These are stains caused by resin from knots.

To cure this problem you will have to strip the paint from the knot and surrounding area and then paint the area of the knot with knotting solution this will seal the end grain of the knot and prevent subsequent staining.

Reprime the stripped areas of wood and then repaint the whole piece.

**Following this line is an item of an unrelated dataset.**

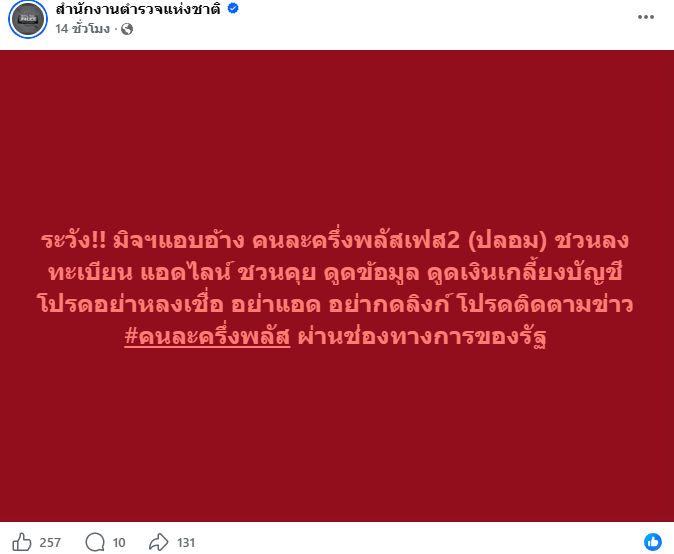 วันที่ 6 เมษายน 2569 เพจสำนักงานตำรวจแห่งชาติ ออกประกาศแจ้งเตือนประชาชนทั่วประเทศ ให้ระวังกลุ่มมิจฉาชีพที่แอบอ้างโครงการรัฐ โดยเฉพาะโครงการคนละครึ่งเฟส 2 ปลอม ซึ่งกำลังถูกนำมาใช้เป็นเครื่องมือหลอกลวงในโลกออนไลน์

  • Is there a different term or phrase for knotting solution in the US? When Your link lists products listed in pounds, and when I search for "knotting solution" on Google virtually all of the results are from UK DIY message boards. Commented Feb 1, 2012 at 20:20
  • @ScottMitchell - Ah - that I wouldn't know. Woodchips mentions shellac and something called Kilz.
    – ChrisF
    Commented Feb 1, 2012 at 20:26
  • 1
    use Binz bulls Eye pigmented shellac. Commented Feb 1, 2012 at 22:48
  • Typically, a lacquer- or shellac-based primer will seal those areas to prevent stains from bleeding into and through the paint. Binz and Zinnser are manufacturers that have stain-covering primers with good reputations in the US, as @shirlockhomes mentioned.
    – Suncat2000
    Commented Mar 8 at 19:45

I'm pretty sure this is bleed-through of knots from underneath the paint. They have the shape of knots, and it looks like what you get when that happens.

If you want to be dead positive (or don't believe me) the only real solution is a scraper. Yes, its a bit on the nuclear side, but it will prove the existence of a knot underneath. Scrape off the paint in that area of wood. Pick an obscure spot to do so. Bring it down to bare wood, and you should see a knot underneath. Since the answer is to use a product like Kilz anyway to intercept the stain from bleeding through again, having to repaint that small area is no real issue.

Why can't you just paint over it? Well, you can, and for a time it will look like it worked, but the stain will come through regular paint. So you need something that a stain can't bleed through. In the old days, one might have used shellac as a stain killer, in fact, I think some stain killer products were based on shellac.